Taleb is on econtalk here talking about GMO crops among some other thing. A key passage with Russ is as follows:
The question now I have is that: Where is the evidence that this GMO process is a fat-tailed process rather than a thing-tailed process? Guest: The first thing you’ve got to–when you think of are we in fat-tailed or thin-tailed domains is look the other way and say, ‘What is the evidence that we are in a thin-tailed domain?
Taleb is interesting because he emphasizes themes, like tail risk, that most others ignore, indeed most others (including me) can’t even talk about intelligently. I’m not sure Taleb can either but he’s heroic for trying.
I can see both sides. On the one hand tail risk is really important, on the other hand without an intellectual framework for processing it, there isn’t much to say or do, Taleb’s voluminous speaking and writing notwithstanding. His strategy, the precautionary principle goes something like this: if you think the downside is bad, like really really bad, don’t do it (no matter what the probability) . Well, don’t do it unless your can then convince yourself that it isn’t as bad as you once thought.
Hamming may agree with Taleb for all I know and indeed Hamming spends a lot of time writing about the pitfalls of complexity. But he also tells two stories where downsides are large but the tail (the probability of extreme outcomes) looks like it should be fat but instead is ambiguous.
First, in calculating the trajectory of a missile, he found that his setting of the initial conditions of the launch didn’t matter. He tells the story as a counterpoint to GIGO,in that he inputted garbage and got out a solution that worked. The important insight is that small errors in course could be corrected by the missile’s own guidance system. There was a positive feedback loop.
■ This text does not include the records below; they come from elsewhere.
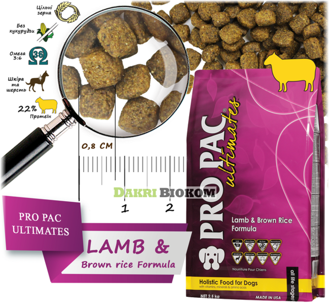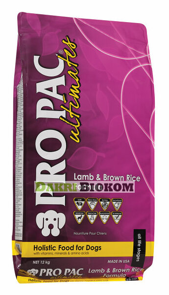 PRO PAC Ultimates Lamb & Brown Rice Formula– це свіжий підхід до харчування суперпреміум класу. Формула містить прості та поживні інгредієнти: ягня (>20%), цільні зерна рису (16%), фрукти та овочі (>12%).
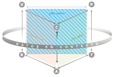 Génesis semiótica en ETM-E. Da cuenta de la dialéctica entre lo semántico y lo sintáctico de los datos en contexto, en tanto significado y representación, permitiendo el análisis de los signos involucrados en las acciones de leer o escribir en estadística y que se relacionan a los procesos de decodificación y codificación de signos.
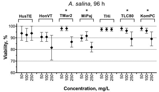 The results of the bioassay with brine shrimp nauplii showed neither immobilization nor lethal cases, even at the highest concentration of the VEPs (250 mg/L) after 24 and 48 h of exposure. The mortality of A. silina nauplii after 96 h of exposure to the VEPs is presented in Figure 4. Only the MiPaj sample caused the mortality of A. silina at the concentrations of 50 and 100 mg/L (Figure 5). At the concentration of 250 mg/L, all the tested VEP samples except THi caused mortality in between 10 and 30% of the nauplii. The THi and HusTE samples demonstrated the lowest toxicity to the brine shrimp nauplii compared with the other VEP samples.
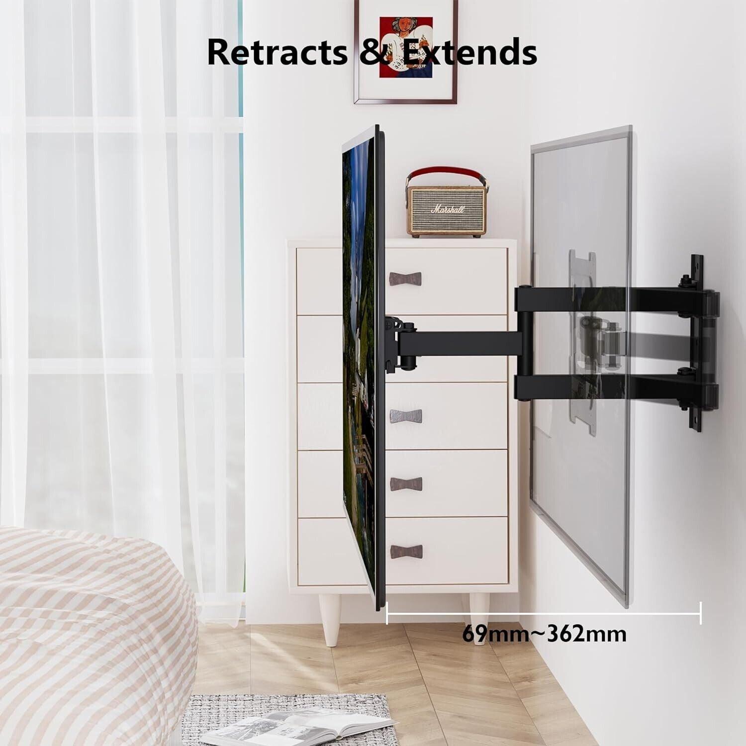 • Ausziehbar und einziehbar: Die verlängerte Gelenk-TV-Wandhalterung ist mit voll beweglichen Gelenkarmen ausgestattet, die sich platzsparend und leicht 50 mm von der Wand zurückziehen lassen und zur Verbesserung der Flexibilität bis zu 400 mm ausfahren können.
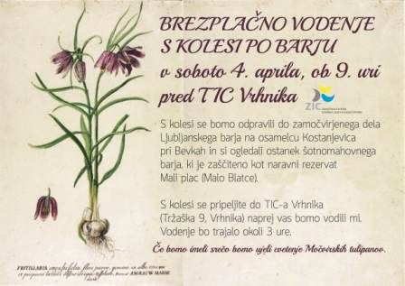 Aprila zopet začenjamo z brezplačnimi vodenji vsako prvo soboto v mesecu. Tako se bomo 4. aprila s kolesi podali na Ljubljansko barje. Prikolesarite pred TIC Vrhnika (Tržaška 9) ob 9. uri, nato pa bomo skupaj nadaljevali pot proti zamočvirjenem predelu Ljubljanskega barja in si ogledali ostanek šotnomahovnega barja, ki je zaščiteno kot naravni rezervat - Mali plac (Malo Blatce). Na tokratnem vodenju se bomo družili okoli 3 ure.
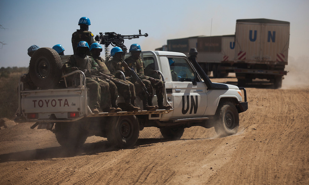 Rwandan peacekeepers from the UN-AU Mission in Darfur escort a WFP convoy bringing food aid to camps for displaced people in North Darfur, Sudan, 2014 (Albert González Farran/UN Photo/Flickr)
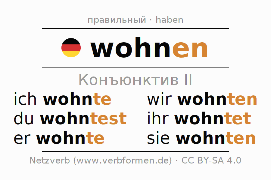 Спряжение wohnen (жить, проживать) в сослагательном наклонении II: ich wohnte, du wohntest, er wohnte, wir wohnten, ihr wohntet, sie wohnten
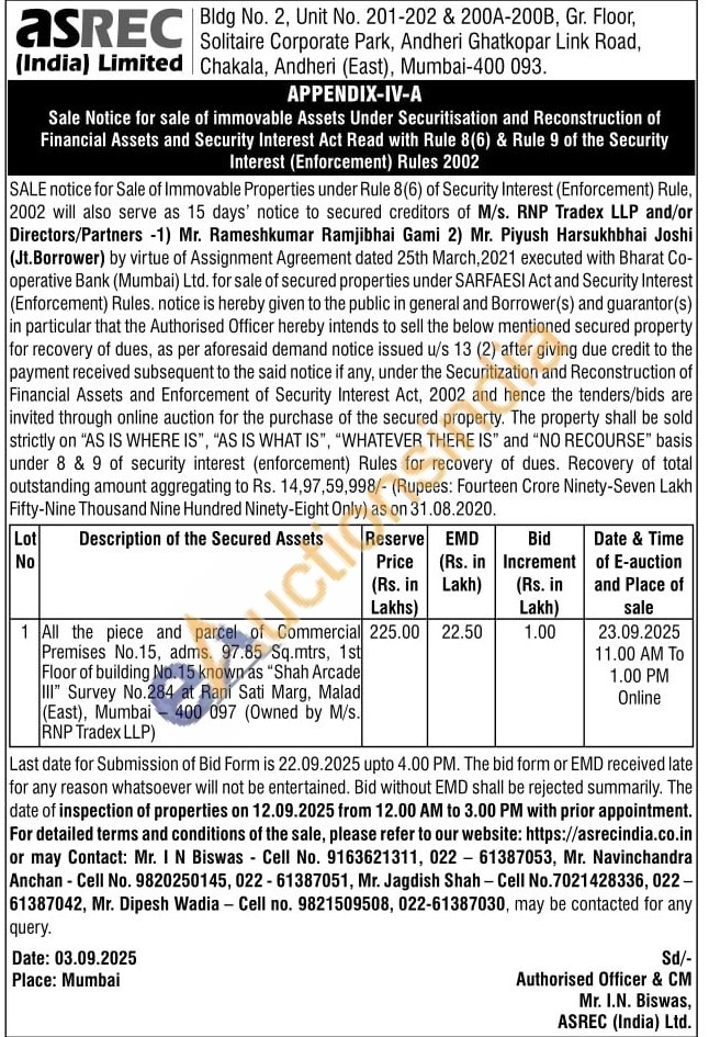 All the piece and parcel of Commercial Premises No.15, adms. 97.85 Sq.mtrs, 1st Floor of building No. 15 known as "Shah Arcade III" Survey No.284 at Rani Sati Marg, Malad (East), Mumbai 400 097 (Owned by M/s. RNP Tradex LLP)

Second story involves Los Alamos, in designing the atomic bomb. He found that many of their data were imprecise but he calculations were aqcurate:
But further examination showed as the “gadget” goes off, any one shell went up the curve and possibly at least partly down again, so any local error in the equation of state was approximately averaged out over its history. What was important to get from the equation of state was the curvature, and as already noted even it had only to be on the average correct. Hence garbage in, but accurate results out never-the-less!
These examples show what was loosely stated before; if there is feedback in the problem for the numbers used, then they need not necessarily be accurately known.
Taleb understands positive feedback loops and the law of large numbers and that systems can have the capacity for self-repair. I would say his solution to the precautionary principle (wait until you are sure it isn’t bad) actually requires one of these phenomena to be in place to avert catastrophe. So why not talk about the wonders of how nature builds resilience as well?
Maybe Taleb feels frustrated that discussion of tail risks in the mainstream does not do justice to the magnitude of downside in downside scenarios. So, this line of thinking goes, he doesn’t emphasize the resilience of systems because he’s trying to motivate people by telling scary stories.
I would hardly agree that’s necessary, watch CNN for a few hours to get a feel for how well covered scary things are. Taleb’s emphasis is somewhat smarter (or at least smarter sounding) than run-of-the-mill scare mongering. But does he achieve anything more than CNN with his “just don’t do it” advice?